Jejunoileal atresia (JIA) is a common cause of intestinal obstruction in neonates, with an incidence of around 3 in 10 000 live births.1 Surgery is the predominant treatment for JIA, and even though most patients recover after an operation some patients experience concurrent complications, including enterodynamic disorders and bacterial translocation; necrotizing enterocolitis (NEC) is the rare but most serious complication.2 3 The risk factors for postoperative NEC include preterm birth, low body weight, low Apgar score, low gestational age, and red blood cell transfusion, but some unknown risk factors still exist.4 It is certain that NEC increases hospital stays and medical costs for patients with intestinal atresia after JIA repair.
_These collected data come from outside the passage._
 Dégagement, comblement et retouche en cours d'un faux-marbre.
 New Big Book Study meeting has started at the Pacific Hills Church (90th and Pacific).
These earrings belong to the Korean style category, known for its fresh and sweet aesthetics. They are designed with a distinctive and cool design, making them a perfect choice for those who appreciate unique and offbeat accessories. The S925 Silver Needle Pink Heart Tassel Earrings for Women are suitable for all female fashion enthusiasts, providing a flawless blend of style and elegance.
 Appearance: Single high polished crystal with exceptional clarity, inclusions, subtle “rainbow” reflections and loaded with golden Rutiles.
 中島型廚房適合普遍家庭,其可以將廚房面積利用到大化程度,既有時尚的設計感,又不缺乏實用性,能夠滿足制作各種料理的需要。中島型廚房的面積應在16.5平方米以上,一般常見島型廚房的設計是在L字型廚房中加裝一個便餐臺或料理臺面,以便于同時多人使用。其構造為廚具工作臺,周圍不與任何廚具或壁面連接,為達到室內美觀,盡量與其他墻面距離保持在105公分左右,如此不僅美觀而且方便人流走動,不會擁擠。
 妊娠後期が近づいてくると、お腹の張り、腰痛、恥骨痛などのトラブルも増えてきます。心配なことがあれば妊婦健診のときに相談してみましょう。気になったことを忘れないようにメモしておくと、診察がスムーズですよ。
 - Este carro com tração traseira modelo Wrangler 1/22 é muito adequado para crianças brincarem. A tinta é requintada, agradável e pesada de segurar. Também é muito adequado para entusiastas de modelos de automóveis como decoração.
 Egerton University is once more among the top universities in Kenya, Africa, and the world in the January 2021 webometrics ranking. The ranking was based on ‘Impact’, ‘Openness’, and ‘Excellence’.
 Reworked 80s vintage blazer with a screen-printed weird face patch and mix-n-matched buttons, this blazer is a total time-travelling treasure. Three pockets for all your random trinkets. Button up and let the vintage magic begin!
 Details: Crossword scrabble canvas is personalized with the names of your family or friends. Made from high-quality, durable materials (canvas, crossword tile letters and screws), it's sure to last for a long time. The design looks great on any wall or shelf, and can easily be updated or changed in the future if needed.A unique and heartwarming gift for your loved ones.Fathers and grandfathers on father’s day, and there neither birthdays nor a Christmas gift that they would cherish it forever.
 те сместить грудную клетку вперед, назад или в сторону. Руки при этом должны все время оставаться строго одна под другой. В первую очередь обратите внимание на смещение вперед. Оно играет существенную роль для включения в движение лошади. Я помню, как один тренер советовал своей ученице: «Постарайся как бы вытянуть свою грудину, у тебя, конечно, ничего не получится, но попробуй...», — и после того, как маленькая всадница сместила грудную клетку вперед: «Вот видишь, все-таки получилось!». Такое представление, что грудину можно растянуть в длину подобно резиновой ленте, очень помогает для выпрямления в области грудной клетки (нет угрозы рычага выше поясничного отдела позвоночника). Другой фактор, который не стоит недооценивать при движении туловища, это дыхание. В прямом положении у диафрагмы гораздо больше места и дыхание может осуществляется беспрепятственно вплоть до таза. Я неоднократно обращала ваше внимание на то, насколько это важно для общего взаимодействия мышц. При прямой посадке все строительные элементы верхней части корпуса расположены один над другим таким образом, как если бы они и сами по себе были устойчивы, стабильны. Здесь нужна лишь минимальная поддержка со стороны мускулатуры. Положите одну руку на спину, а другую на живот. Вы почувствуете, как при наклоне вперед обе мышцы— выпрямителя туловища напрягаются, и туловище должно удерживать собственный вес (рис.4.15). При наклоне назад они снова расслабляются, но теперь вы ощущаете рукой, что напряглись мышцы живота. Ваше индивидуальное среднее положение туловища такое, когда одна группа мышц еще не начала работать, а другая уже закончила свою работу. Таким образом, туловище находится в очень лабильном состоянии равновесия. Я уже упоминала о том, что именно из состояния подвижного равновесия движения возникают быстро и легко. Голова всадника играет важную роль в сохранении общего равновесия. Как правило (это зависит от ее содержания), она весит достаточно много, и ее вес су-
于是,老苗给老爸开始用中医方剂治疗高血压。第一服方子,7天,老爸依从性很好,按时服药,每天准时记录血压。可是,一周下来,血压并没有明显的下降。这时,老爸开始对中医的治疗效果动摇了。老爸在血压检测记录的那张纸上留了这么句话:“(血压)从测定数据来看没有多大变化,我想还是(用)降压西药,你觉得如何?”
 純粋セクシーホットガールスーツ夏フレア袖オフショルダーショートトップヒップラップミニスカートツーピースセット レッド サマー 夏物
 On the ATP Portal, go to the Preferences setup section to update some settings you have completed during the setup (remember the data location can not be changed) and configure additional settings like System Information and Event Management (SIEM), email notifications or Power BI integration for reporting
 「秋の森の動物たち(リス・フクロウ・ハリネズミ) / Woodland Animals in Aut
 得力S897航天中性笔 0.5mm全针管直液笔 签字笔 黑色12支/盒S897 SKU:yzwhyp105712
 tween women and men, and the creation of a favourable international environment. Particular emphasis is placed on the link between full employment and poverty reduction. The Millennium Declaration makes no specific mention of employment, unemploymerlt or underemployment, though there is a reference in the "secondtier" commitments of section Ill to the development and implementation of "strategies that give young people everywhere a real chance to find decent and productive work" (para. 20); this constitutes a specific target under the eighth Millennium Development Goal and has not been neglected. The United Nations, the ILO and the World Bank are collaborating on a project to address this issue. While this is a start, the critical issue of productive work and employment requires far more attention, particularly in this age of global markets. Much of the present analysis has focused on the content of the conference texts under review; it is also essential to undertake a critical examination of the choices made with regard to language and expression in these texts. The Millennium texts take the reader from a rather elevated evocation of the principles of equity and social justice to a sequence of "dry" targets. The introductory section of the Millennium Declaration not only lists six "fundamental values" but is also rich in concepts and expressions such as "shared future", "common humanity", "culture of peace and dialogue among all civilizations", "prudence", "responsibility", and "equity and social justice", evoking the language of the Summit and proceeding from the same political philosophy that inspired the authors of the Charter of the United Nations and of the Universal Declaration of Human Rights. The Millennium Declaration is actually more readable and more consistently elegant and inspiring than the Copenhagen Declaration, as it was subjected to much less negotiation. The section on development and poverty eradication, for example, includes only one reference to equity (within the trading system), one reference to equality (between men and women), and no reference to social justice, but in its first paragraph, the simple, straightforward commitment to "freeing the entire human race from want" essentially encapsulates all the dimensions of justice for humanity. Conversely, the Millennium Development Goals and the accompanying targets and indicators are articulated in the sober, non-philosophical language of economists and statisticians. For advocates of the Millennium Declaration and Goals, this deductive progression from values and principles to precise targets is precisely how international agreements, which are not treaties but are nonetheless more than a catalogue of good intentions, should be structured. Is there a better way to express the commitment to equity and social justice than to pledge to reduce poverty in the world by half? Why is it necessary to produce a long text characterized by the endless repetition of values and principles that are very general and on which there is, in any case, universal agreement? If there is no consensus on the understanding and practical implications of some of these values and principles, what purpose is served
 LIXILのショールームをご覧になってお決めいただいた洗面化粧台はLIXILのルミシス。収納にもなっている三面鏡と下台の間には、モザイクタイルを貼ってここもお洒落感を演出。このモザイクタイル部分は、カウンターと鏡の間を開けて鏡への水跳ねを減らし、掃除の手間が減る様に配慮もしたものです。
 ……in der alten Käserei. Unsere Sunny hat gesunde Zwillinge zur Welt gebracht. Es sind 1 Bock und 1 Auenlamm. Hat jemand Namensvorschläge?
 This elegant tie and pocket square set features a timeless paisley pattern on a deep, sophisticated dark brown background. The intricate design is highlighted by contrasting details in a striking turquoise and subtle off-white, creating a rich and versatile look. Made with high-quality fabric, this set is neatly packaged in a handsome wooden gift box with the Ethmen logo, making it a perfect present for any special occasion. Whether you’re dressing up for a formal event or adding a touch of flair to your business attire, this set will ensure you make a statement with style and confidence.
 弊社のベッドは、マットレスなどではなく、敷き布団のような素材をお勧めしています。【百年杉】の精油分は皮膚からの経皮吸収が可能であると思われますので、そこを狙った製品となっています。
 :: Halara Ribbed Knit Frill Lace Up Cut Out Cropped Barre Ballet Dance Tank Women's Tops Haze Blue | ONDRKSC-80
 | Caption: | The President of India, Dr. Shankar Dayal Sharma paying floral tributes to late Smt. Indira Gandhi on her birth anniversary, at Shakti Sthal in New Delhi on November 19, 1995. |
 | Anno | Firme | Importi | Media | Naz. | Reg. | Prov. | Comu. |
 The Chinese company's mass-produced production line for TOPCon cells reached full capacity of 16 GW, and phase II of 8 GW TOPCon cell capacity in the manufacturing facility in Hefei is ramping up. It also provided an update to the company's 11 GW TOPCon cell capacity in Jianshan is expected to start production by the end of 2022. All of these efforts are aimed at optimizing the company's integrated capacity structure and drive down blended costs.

Identifying NEC-related risk factors of patients with JIA may help avoid these risks earlier and provide timely treatment. In this study, we intended to report the clinical characteristics, management, and prognosis of patients with NEC after JIA repair and determine its related risk factors.

## Methods

### Patients

Patients diagnosed with JIA who underwent surgery at the Department of Neonatal Surgery of Wuhan Children’s Hospital from January 2016 to June 2021 were enrolled. The exclusion criteria were as follows: patients with a diagnosis of JIA complicated with malformations, including meconium peritonitis, malrotation of the intestine, omphalocele, or annular pancreas; birth with asphyxia; complication with intrauterine infection or thrombocytopaenia (less than 100×109/L); complication with severe congenital heart disease (such as tetralogy of Fallot or double outlet of the right ventricle); and maternal complications during pregnancy. Patients were divided into NEC group and non-NEC group. The clinical data of the patients between the two groups were compared. The anatomical classification, pathological classification, parenteral nutrition duration, and risk assessment of NEC after JIA repair were assessed.

### Data collection and definition

Clinical data including age, sex, premature birth (<37 weeks’ gestational age), birth weight, mode of delivery, intrauterine infection, blood transfusion within 48 hours before NEC, patent ductus arteriosus (PDA), patent foramen ovale, preoperative sepsis, pathological and anatomical classification of intestinal atresia, postoperative feeding, duration of NEC recurrence after the operation, treatment method, and prognosis were collected. Laboratory examinations including routine blood analysis, C reactive protein analysis, X-ray, and abdominal CT were performed when abdominal distension, bloody stools, and infection indicators appeared.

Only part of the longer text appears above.